Quick DR with run_dr_methods
Once you have a PyCytoData
object, you can simply run the method (here, we
will keep using the object created in the tutorials above):
>>> exprs.run_dr_methods(methods = ["PCA", "UMAP", "ICA"])
Running PCA
Running ICA
Running UMAP
>>> type(exprs.reductions)
<class 'CytofDR.dr.Reductions'>
This will already be familiar to you if you are familiar to CytofDR
. Now,
this function automatically adds the expression matrix and cell types to
the object (if the latter is not all None
):
>>> exprs.expression_matrix
array([[ 5.75381927e+01, 1.21189880e+01, 2.75074673e+00, ...,
2.60543274e+02, 1.54974432e+01, 8.29685116e+00],
[ 8.16322708e+01, 2.34020500e+01, 1.57276118e+00, ...,
1.75833466e+02, 2.17522359e+00, 3.34277302e-01],
[ 2.10737019e+01, 4.41922474e+00, -5.81668496e-01, ...,
2.27592499e+02, 6.24691308e-01, -1.94343376e+01],
...,
[ 1.59633112e+01, 9.53633595e+00, 4.49561157e+01, ...,
3.46169220e+02, 2.27766180e+00, 4.33450623e+01],
[ 2.25081215e+01, 8.42314911e+00, 8.56426620e+01, ...,
6.43495300e+02, 5.97545290e+00, 8.84256649e+00],
[ 2.82463398e+01, 7.47339916e+00, 5.64270020e+01, ...,
6.65499023e+02, -7.26899445e-01, 7.11599884e+01]])

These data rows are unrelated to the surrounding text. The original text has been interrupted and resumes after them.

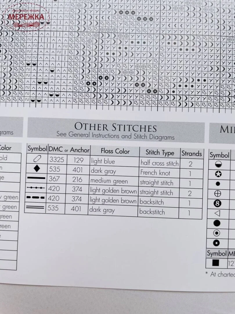 Рекомендовані нитки: DMC Ecru, 221, 300, 301, 367, 415, 420, 535, 610, 772, 816, 833, 834, 898, 918, 3325, 3346, 3348, 3362, 3364, 3776, 3822, 3864, 3865.
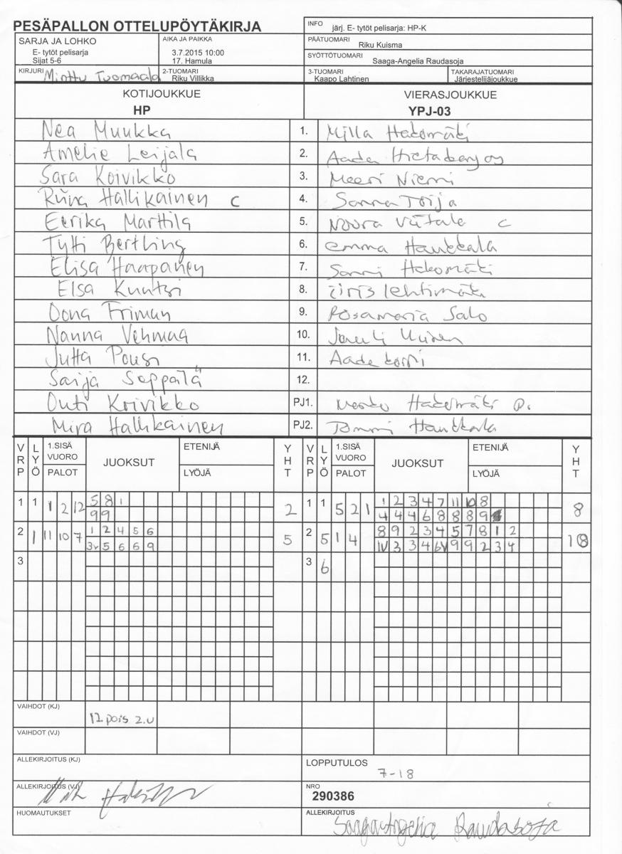 | 290386 | 3.7.2015 10:00 | 17. Hamula | HP | YPJ-03 | 7-18 | E- tytöt pelisarja: HP-K | näytä |
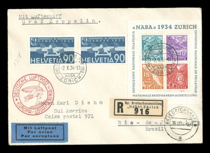 690 c Sieger #280Aa imageSieger #280Aa, 1934 Tenth South America Flight, attractively franked registered cover with two air posts and 1934 NABA souvenir sheet, both tied by the special Zurich exhibition cancel of October 2, 1934, Friedrichshafen transit c.d.s., general Zeppelin flight cachet with index letter "c", backstamped Pernambuco, very fine (Scott $550.00 for used souvenir sheet; Michel #410a). (Image) Est. 400-500

>>> exprs.reductions.cell_types
array(['CD11b- Monocyte', 'CD11b- Monocyte', 'CD11b- Monocyte', ...,
'Pre-B I', 'Pre-B I', 'Pre-B I'], dtype='<U17')
Now, you can proceed with what you will need to do with the Reductions
object:
>>> exprs.reductions.evaluate(category=["Global"])
Evaluating global...
>>> exprs.rank_dr_methods()
{'PCA': 1.5, 'ICA': 2.0, 'UMAP': 2.5}
As you can see, this, really, is just a wrapper for the CytofDR
version to allow you to
run DR directly. Further, the reductions
attribute stores a Reductions
object, meaning that once you’ve run your DR, you can use any Reductions
object features and workflows as usual.
Note
There is one significant caveat to note here: the transform
option is
not implemented here because of the ambiguity that it may cause. This may be
included in a future feature update.
Using Your Own Reductions
Object
As you may wonder whether you can do DR separately in CytofDR
with more
features while still using PyCytoData
, the answer is you can. You can
store your own Reductions
object in the PyCytoData
object:
from CytofDR import dr
>>> results = dr.Reductions()
>>> results.add_reduction(reduction = embedding1, name = "your_dr")
>>> results.add_reduction(reduction = embedding2, name = "your_dr2")
>>> exprs.reductions = results
This effectively combines two objects into one! Now, you can proceed as you wish!